Unicode::Normalize - Unicode Normalization Forms

=head1 SYNOPSIS

(1) using function names exported by default:

  use Unicode::Normalize;

  $NFD_string  = NFD($string);  # Normalization Form D
  $NFC_string  = NFC($string);  # Normalization Form C
  $NFKD_string = NFKD($string); # Normalization Form KD
  $NFKC_string = NFKC($string); # Normalization Form KC

(2) using function names exported on request:

  use Unicode::Normalize 'normalize';

  $NFD_string  = normalize('D',  $string);  # Normalization Form D
  $NFC_string  = normalize('C',  $string);  # Normalization Form C
  $NFKD_string = normalize('KD', $string);  # Normalization Form KD
  $NFKC_string = normalize('KC', $string);  # Normalization Form KC

=head1 DESCRIPTION

Parameters:

C<$string> is used as a string under character semantics
(see F<perlunicode>).

C<$codepoint> should be an unsigned integer
representing a Unicode code point.

Note: Between XSUB and pure Perl, there is an incompatibility
about the interpretation of C<$codepoint> as a decimal number.
XSUB converts C<$codepoint> to an unsigned integer, but pure Perl does not.
Do not use a floating point nor a negative sign in C<$codepoint>.

=head2 Normalization Forms

=over 4

=item C<$NFD_string = NFD($string)>

returns the Normalization Form D (formed by canonical decomposition).

=item C<$NFC_string = NFC($string)>

returns the Normalization Form C (formed by canonical decomposition
followed by canonical composition).

=item C<$NFKD_string = NFKD($string)>

returns the Normalization Form KD (formed by compatibility decomposition).

=item C<$NFKC_string = NFKC($string)>

returns the Normalization Form KC (formed by compatibility decomposition
followed by B<canonical> composition).

=item C<$FCD_string = FCD($string)>

If the given string is in FCD ("Fast C or D" form; cf. UTN #5),
returns it without modification; otherwise returns an FCD string.

Note: FCD is not always unique, then plural forms may be equivalent
each other.

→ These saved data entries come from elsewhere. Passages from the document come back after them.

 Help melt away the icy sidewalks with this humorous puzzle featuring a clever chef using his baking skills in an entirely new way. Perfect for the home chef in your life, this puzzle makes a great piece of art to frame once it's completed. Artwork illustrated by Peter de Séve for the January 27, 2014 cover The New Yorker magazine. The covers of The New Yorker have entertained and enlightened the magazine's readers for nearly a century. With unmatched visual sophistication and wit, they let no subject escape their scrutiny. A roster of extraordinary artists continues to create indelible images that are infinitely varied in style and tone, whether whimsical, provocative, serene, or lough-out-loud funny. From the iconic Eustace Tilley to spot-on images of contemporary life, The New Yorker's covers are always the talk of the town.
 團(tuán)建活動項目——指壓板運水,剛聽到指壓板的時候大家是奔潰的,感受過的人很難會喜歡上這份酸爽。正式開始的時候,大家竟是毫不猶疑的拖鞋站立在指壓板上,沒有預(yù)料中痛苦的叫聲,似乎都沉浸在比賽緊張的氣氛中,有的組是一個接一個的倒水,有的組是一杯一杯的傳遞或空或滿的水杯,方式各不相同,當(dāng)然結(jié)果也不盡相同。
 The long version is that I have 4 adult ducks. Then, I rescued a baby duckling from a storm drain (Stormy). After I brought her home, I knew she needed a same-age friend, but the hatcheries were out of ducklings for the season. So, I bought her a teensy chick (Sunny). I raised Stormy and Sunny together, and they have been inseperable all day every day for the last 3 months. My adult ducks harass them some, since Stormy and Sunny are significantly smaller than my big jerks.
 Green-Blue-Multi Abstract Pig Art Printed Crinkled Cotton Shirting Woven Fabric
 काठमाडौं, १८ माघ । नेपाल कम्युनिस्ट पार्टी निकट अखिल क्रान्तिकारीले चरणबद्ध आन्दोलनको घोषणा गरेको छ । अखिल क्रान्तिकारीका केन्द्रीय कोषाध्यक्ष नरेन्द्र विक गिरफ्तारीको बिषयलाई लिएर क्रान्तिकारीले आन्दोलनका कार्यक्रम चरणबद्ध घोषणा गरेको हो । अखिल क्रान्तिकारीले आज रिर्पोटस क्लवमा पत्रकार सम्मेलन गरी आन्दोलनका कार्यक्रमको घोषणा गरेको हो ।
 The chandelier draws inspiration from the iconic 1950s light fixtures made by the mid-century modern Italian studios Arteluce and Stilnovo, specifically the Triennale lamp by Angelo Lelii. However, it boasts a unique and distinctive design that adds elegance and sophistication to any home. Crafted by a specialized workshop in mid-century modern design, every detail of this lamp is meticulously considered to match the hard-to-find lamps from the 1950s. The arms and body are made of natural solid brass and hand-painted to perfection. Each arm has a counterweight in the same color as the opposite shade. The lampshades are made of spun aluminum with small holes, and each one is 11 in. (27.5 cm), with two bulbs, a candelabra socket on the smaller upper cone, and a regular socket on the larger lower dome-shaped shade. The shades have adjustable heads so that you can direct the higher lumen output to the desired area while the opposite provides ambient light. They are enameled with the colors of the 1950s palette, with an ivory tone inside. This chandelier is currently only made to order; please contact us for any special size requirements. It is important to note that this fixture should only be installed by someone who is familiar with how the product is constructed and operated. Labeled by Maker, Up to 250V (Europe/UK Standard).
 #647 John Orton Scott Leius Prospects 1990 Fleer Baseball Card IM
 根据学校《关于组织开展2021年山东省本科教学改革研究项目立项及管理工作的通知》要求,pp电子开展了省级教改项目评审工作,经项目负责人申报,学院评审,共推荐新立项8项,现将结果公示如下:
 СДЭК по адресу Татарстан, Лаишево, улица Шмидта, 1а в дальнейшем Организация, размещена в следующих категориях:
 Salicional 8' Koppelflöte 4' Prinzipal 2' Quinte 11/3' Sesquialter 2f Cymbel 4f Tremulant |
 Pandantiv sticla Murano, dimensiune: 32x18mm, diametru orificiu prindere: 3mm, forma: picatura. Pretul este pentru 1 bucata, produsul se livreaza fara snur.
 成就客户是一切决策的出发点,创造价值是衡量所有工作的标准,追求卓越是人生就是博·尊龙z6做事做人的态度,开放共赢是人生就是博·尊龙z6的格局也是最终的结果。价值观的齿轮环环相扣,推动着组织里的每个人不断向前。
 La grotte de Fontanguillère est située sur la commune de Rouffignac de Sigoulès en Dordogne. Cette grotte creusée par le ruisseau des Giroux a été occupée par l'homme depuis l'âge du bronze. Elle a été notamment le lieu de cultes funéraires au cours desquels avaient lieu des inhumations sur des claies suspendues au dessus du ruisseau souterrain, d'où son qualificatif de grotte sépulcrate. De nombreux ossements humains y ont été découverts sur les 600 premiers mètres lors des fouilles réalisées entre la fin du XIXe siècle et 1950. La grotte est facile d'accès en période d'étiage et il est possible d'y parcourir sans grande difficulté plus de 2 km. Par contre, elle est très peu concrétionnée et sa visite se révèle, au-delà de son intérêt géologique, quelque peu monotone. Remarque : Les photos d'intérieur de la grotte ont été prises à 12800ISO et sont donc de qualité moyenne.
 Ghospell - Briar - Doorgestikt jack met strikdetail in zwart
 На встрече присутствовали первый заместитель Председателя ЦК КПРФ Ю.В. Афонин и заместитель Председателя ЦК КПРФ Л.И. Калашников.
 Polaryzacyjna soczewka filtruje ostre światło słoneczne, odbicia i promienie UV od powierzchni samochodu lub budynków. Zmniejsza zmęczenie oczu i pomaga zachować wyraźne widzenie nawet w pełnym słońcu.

C<FCD()> will return one of these equivalent forms.

=item C<$FCC_string = FCC($string)>

returns the FCC form ("Fast C Contiguous"; cf. UTN #5).

Note: FCC is unique, as well as four normalization forms (NF*).

=item C<$normalized_string = normalize($form_name, $string)>

As C<$form_name>, one of the following names must be given.

  'C'  or 'NFC'  for Normalization Form C  (UAX #15)
  'D'  or 'NFD'  for Normalization Form D  (UAX #15)
  'KC' or 'NFKC' for Normalization Form KC (UAX #15)
  'KD' or 'NFKD' for Normalization Form KD (UAX #15)

  'FCD'          for "Fast C or D" Form  (UTN #5)
  'FCC'          for "Fast C Contiguous" (UTN #5)

=back

=head2 Decomposition and Composition

=over 4

=item C<$decomposed_string = decompose($string)>

=item C<$decomposed_string = decompose($string, $useCompatMapping)>

Decomposes the specified string and returns the result.

If the second parameter (a boolean) is omitted or false, decomposes it
using the Canonical Decomposition Mapping.
If true, decomposes it using the Compatibility Decomposition Mapping.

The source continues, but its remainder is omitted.